It's something I will have to check tomorrow.
Here the better formatted traceback from Python:

> Traceback (most recent call last):
> 
>   File \"/builds/worker/workspace/build/tests/marionette/harness/marionette_harness/runtests.py\", line 94, in cli
>     failed = harness_instance.run()
> 
>   File \"/builds/worker/workspace/build/tests/marionette/harness/marionette_harness/runtests.py\", line 74, in run
>     runner.run_tests(tests)
> 
>   File \"/builds/worker/workspace/build/venv/lib/python2.7/site-packages/marionette_harness/runner/base.py\", line 863, in run_tests
>     self.fixture_servers = self.start_fixture_servers()
> 
>   File \"/builds/worker/workspace/build/venv/lib/python2.7/site-packages/marionette_harness/runner/base.py\", line 964, in start_fixture_servers
>     if self.appName == \"fennec\":
> 
>   File \"/builds/worker/workspace/build/venv/lib/python2.7/site-packages/marionette_harness/runner/base.py\", line 682, in appName
>     self._appName = self.capabilities.get('browserName')
> 
>   File \"/builds/worker/workspace/build/venv/lib/python2.7/site-packages/marionette_harness/runner/base.py\", line 672, in capabilities
>     self.marionette.start_session()
> 
>   File \"/builds/worker/workspace/build/venv/lib/python2.7/site-packages/marionette_driver/decorators.py\", line 26, in _
>     return func(*args, **kwargs)
> 
>   File \"/builds/worker/workspace/build/venv/lib/python2.7/site-packages/marionette_driver/marionette.py\", line 1211, in start_session
>     self.start_binary(timeout)
> 
>   File \"/builds/worker/workspace/build/venv/lib/python2.7/site-packages/marionette_driver/marionette.py\", line 635, in start_binary
>     self.instance.start()
> 
>   File \"/builds/worker/workspace/build/venv/lib/python2.7/site-packages/marionette_driver/geckoinstance.py\", line 415, in start
>     self._update_profile(self.profile)
> 
>   File \"/builds/worker/workspace/build/venv/lib/python2.7/site-packages/marionette_driver/geckoinstance.py\", line 189, in _update_profile
>     raise errors.MarionetteException(\"The current profile can only be updated \"
> 
> MarionetteException: The current profile can only be updated when the instance is not running

What I don't understand yet is how this is related to this patch but not to bug 1429759, which landed a couple of days ago.
Actually the problem here is that for Fennec Marionette uses `adb` to install and execute the binary. Sadly `adb` forks itself and leaves behind a zombie process. When Marionette checks for the process status via the mozrunner.returncode (uses mozprocess.poll() internally) we join the reader threads because no more output is coming from this zombie process, and return 0 for a normal exit. But that's not true, because adb is still running.
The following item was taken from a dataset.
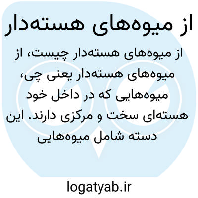 میوههایی که در داخل خود هستهای سخت و مرکزی دارند. این دسته شامل میوههایی همچون هلو، آلو، زردآلو و گیلاس است که از نظر خوراکی و کشاورزی اهمیت زیادی دارند.
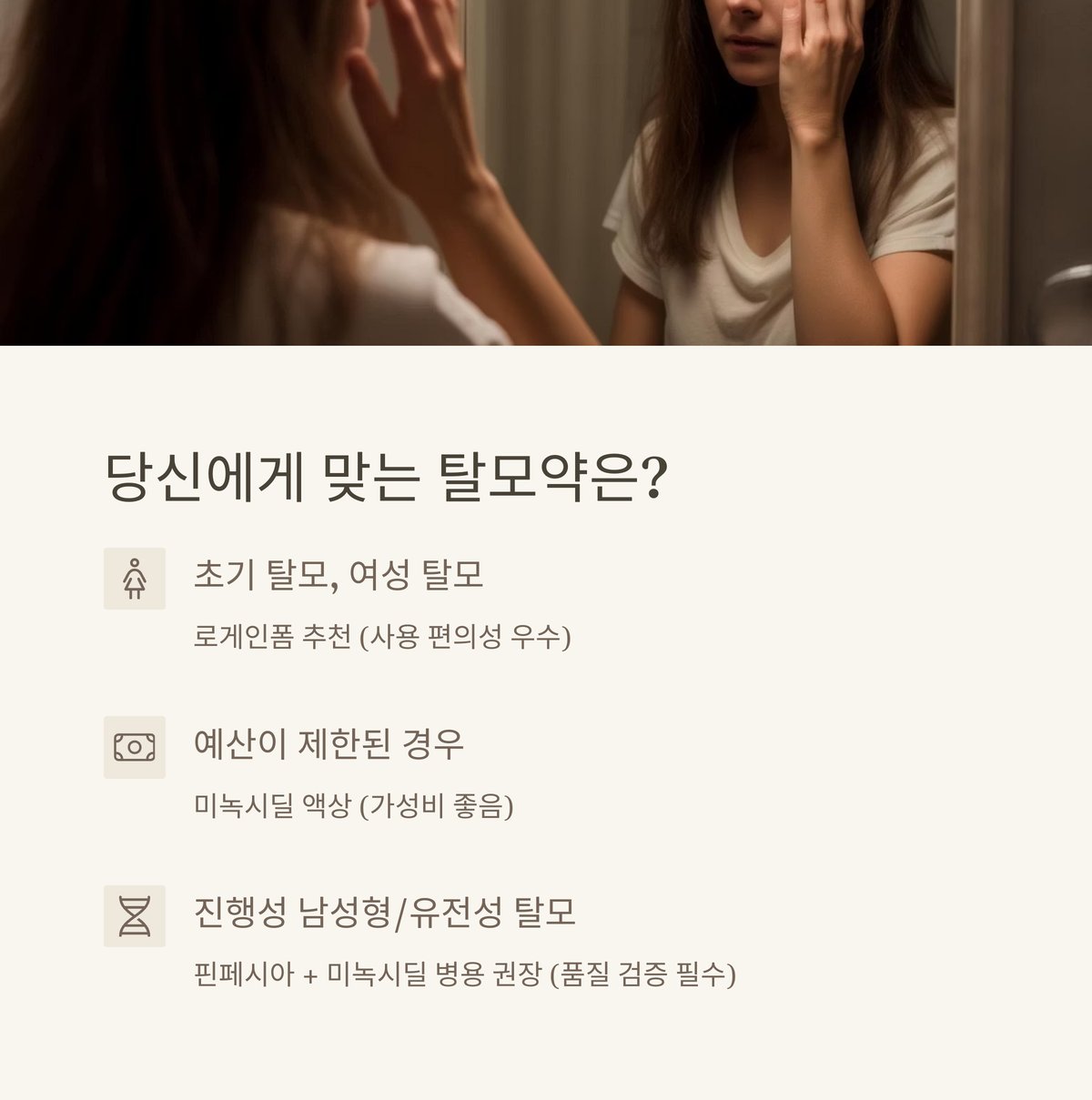 - 초기 탈모, 여성 탈모 또는 사용 편의성 중요 시: 로게인폼 추천

I'm not sure how to continue here for the moment. I will file a mozprocess bug in the hope that we can get better tracking support for forked (detached) processes.
The command as used on Android to start the application is:

/builds/worker/workspace/build/android-sdk-linux/platform-tools/adb -s emulator-5554 shell am start -a android.activity.MAIN -n org.mozilla.fennec_aurora/org.mozilla.gecko.BrowserApp --es args '-no-remote -profile /storage/sdcard/tests/profile -marionette' --es env0 MOZ_CRASHREPORTER=1 --es env1 R_LOG_VERBOSE=1 --es env2 MOZ_HIDE_RESULTS_TABLE=1 --es env3 MOZ_LOG=signaling:3,mtransport:4,DataChannel:4,jsep:4,MediaPipelineFactory:4 --es env4 MOZ_CRASHREPORTER_SHUTDOWN=1 --es env5 R_LOG_DESTINATION=stderr --es env6 MOZ_CRASHREPORTER_NO_REPORT=1 --es env7 NO_EM_RESTART=1 --es env8 MOZ_PROCESS_LOG=/tmp/tmpbGGTxNpidlog --es env9 R_LOG_LEVEL=6

Starting the application actually happens in launch_application:

https://dxr.mozilla.org/mozilla-central/rev/0d806b3230fe4767fa70cdee57db87d1e9a5ba49/testing/mozbase/mozdevice/mozdevice/adb_android.py#304

Later in Marionette we try to check the status of Fennec via `wait()` in my patch. But there is no override for that method in device.py of mozrunner, and as such we check the process status of adb on the host. This is bad because adb runs as daemon at this point, and the exit code is 0!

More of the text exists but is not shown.